FPGA-based Design, Evaluation and Prototyping of Power Management Strategies for Multi-core Processors
Single chip multi-core processors have become the de-facto computational platform for application domains ranging from low-power mobile and embedded devices to high-end server products that form the backbone of the worldwide information technology (IT) infrastructure. Power management has always been an issue in the mobile computing space, and with the alarmingly increasing rates of energy consumption in data centers (an estimated 100 billion kWH by 2011), it has become a critical need in high-end server market as well. To provide fine-grained power management capabilities, multi-core systems are increasingly being instrumented with a number of on-chip control knobs that can be used to dynamically vary the power-performance characteristics of the chip.
In this project, we plan to use FPGA prototyping to experimentally study a wide range of multi-core power management and elucidate the merits and demerits of these schemes.
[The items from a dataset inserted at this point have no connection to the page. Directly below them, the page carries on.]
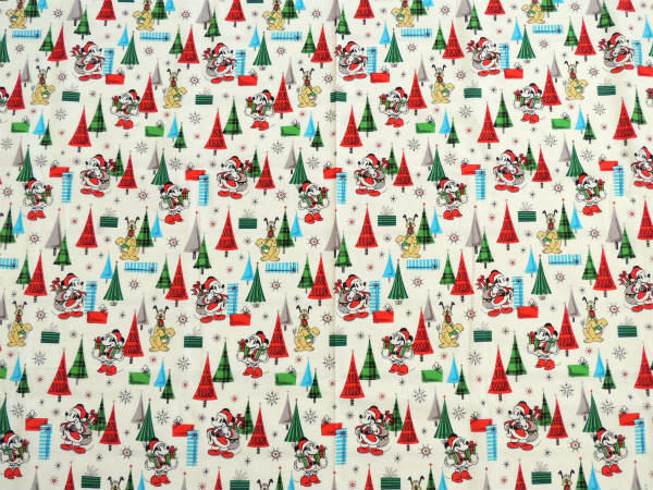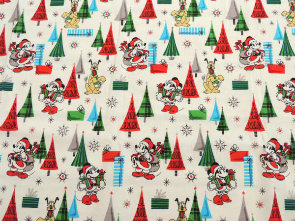 アイボリー色ベースに、サンタクロース姿のミッキー&ミニー・マフラーを巻いたプルート・クリスマスツリー・プレゼントなどの、とっても可愛い総柄プリントです。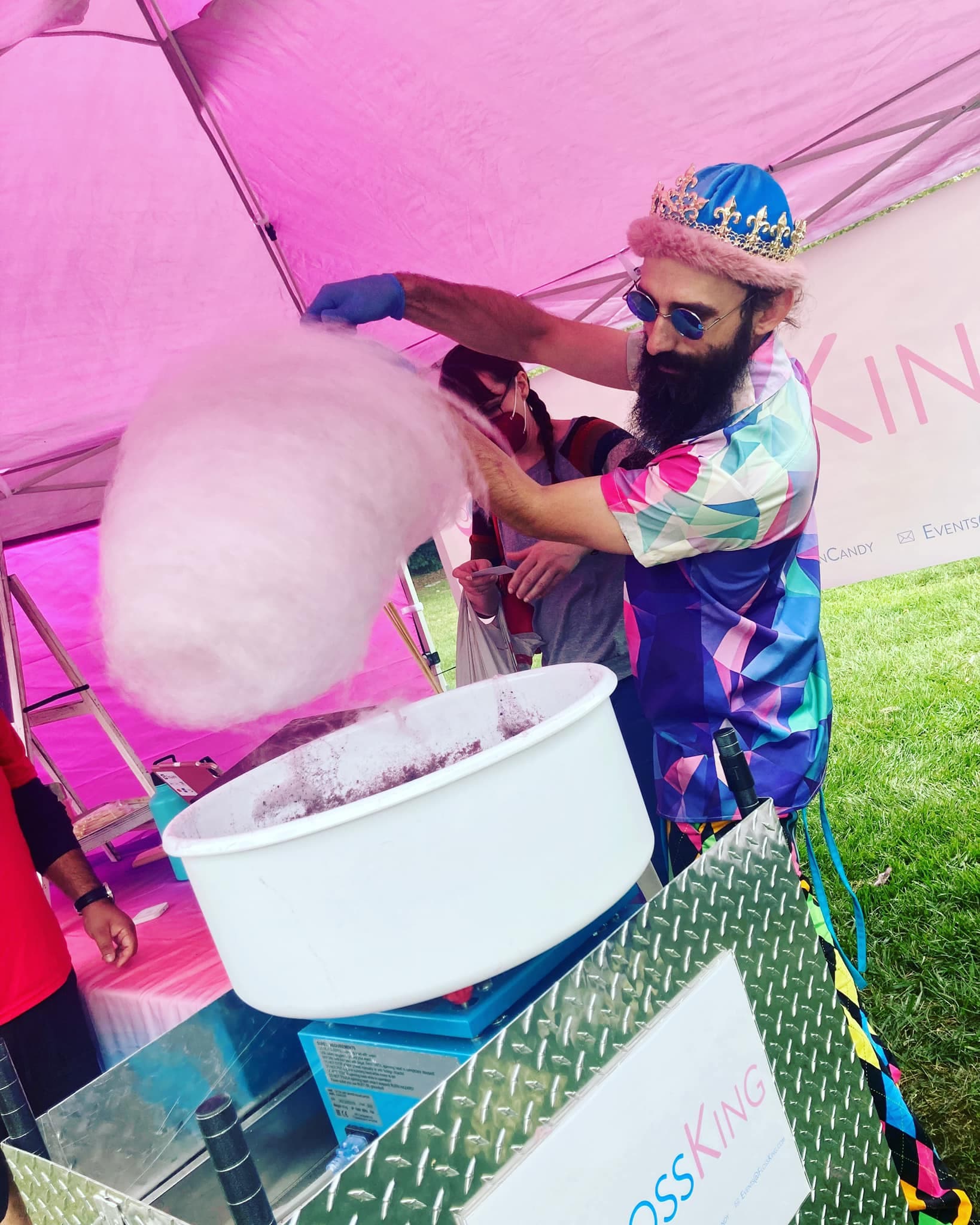 Manassas resident's Floss King turns sweet treats into a show with his cotton candy machine at events.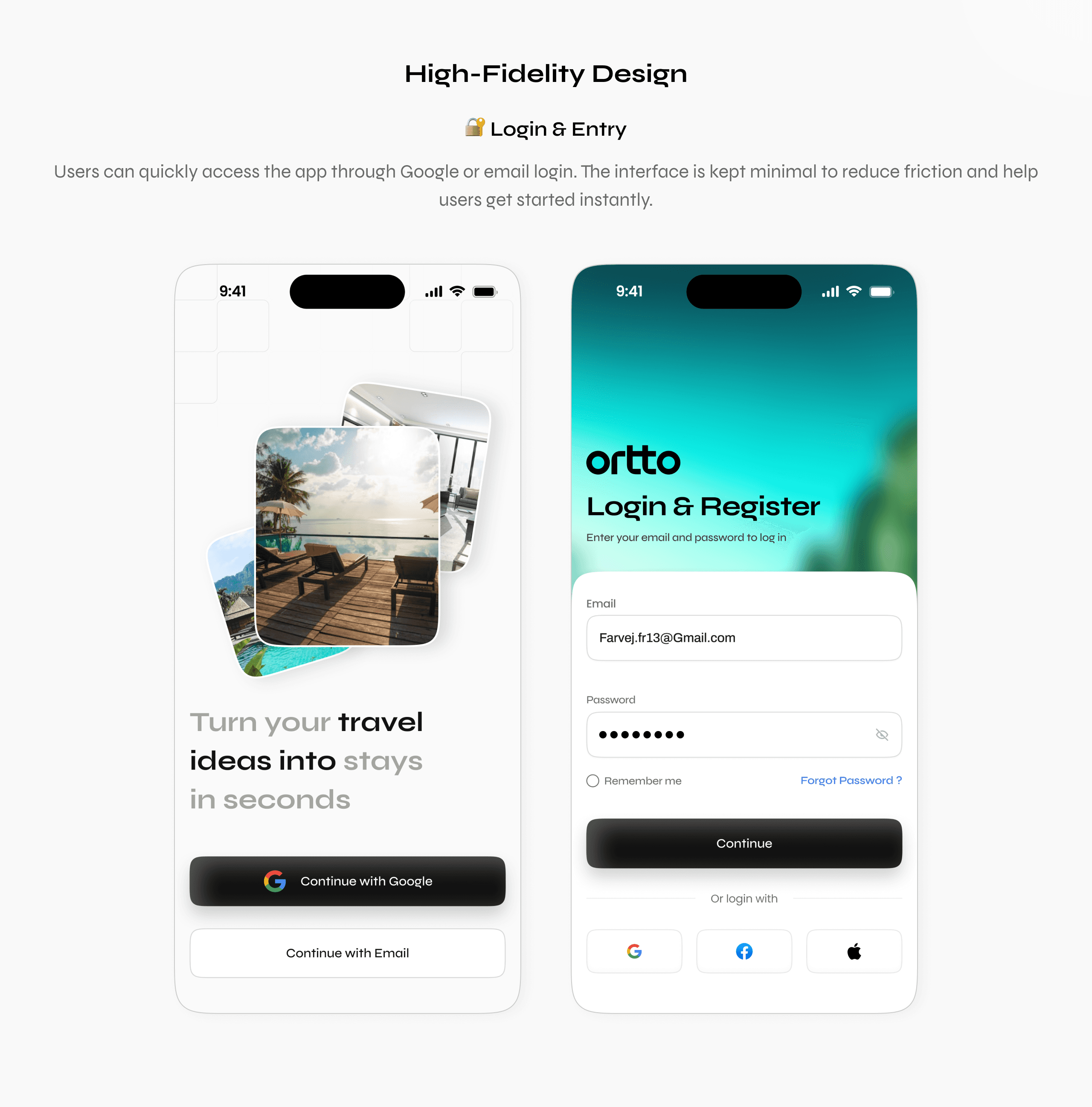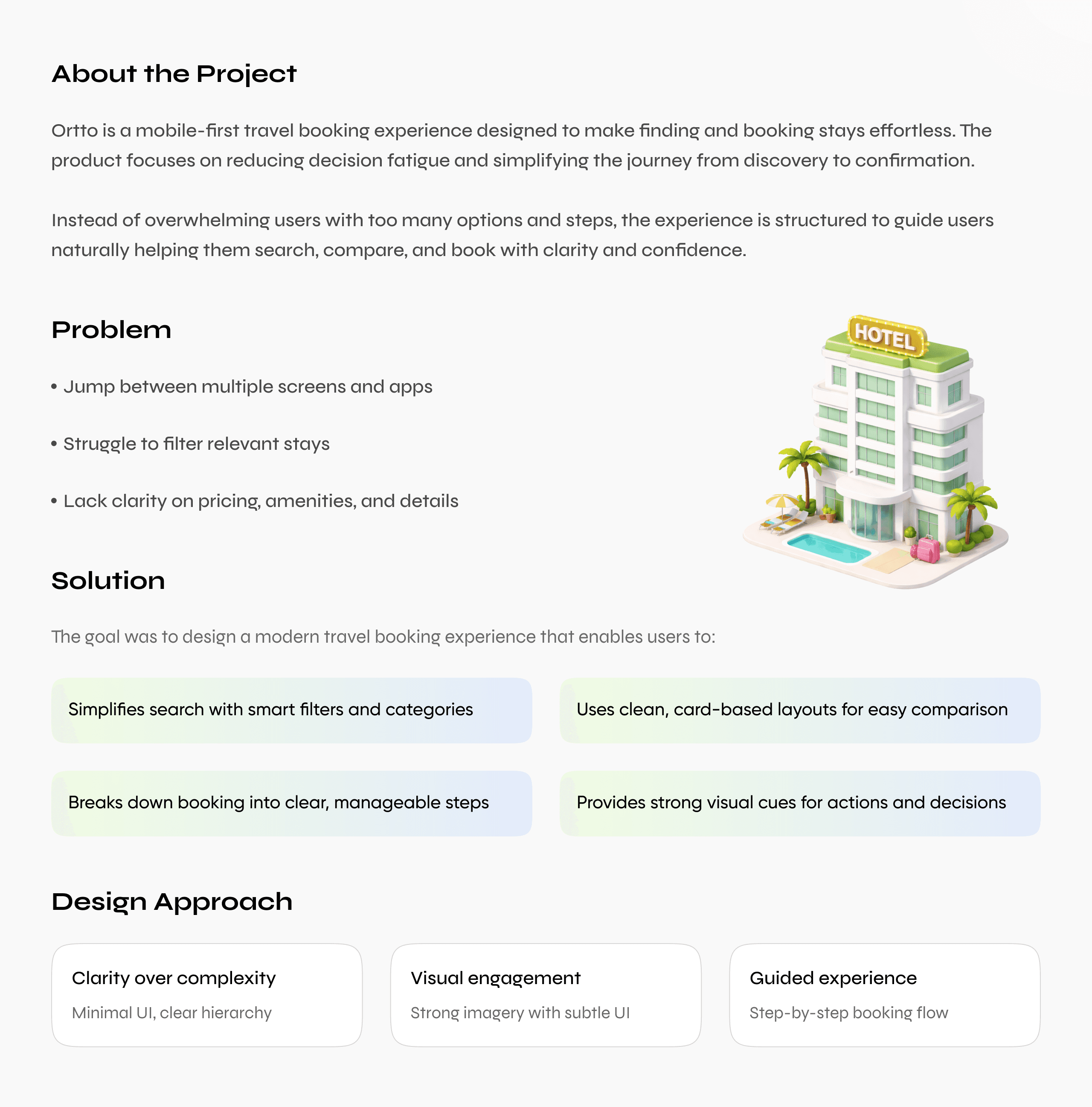 Designed a modern travel booking mobile application that enables users to discover stays, explore properties, and complete bookings through a seamless experience. The goal of the project was to simplify the journey from discovery to confirmation while reducing user effort and decision fatigue.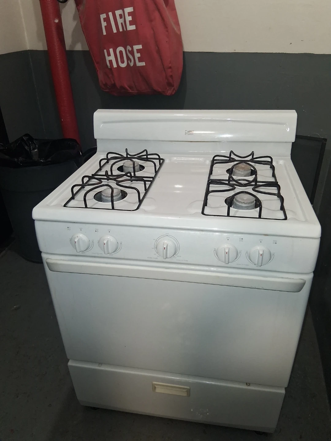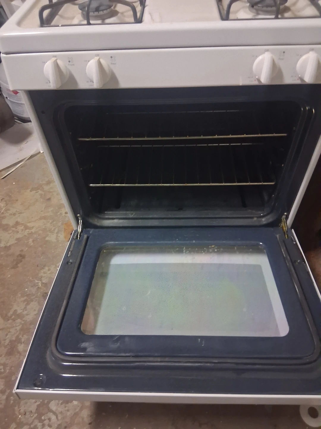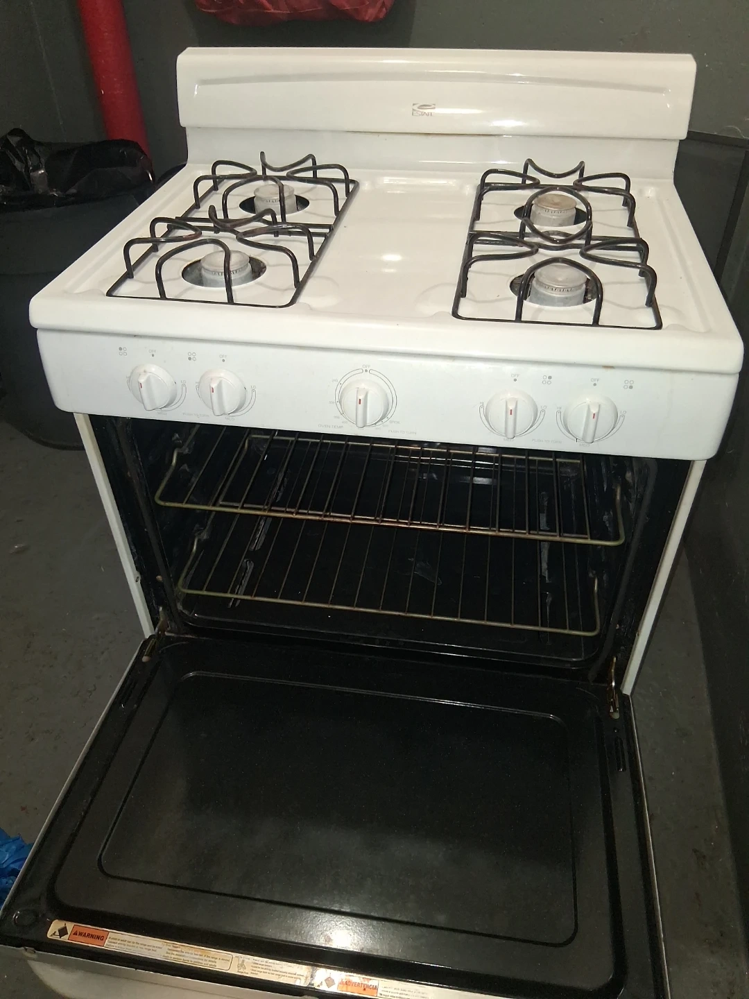 This is a white Whirlpool 4-burner gas stove with an oven. It features a standard cooktop with four burners and an oven with two racks inside. Perfect for everyday cooking needs!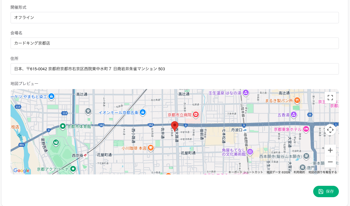 オフライン開催の場合、会場名と住所を入力できます。 オンライン開催の場合は、使用するプラットフォームやURLを記載することをお勧めします。

This study is enabled by the fact that current top-of-the-line FPGA boards provide the capability to map a large number of programmable cores on the FPGA and also allow for each core to be instantiated in a separate clock domain. Starting with this multi-core, multi-clock domain FPGA platform, we will develop synthesizable HDL (either Verilog or VHDL) code for the power management algorithms and map them on the FPGA. We will then program a variety of parallel applications on the FPGA cores and study how the various power management algorithms perform in terms of (i) ability to minimize power for a given performance target; (ii) implementation costs, i.e., area and routing overheads; and (iii) scalability. We intend to make the HDL and application code developed during the course of this project freely available on our website to spur further research in this area.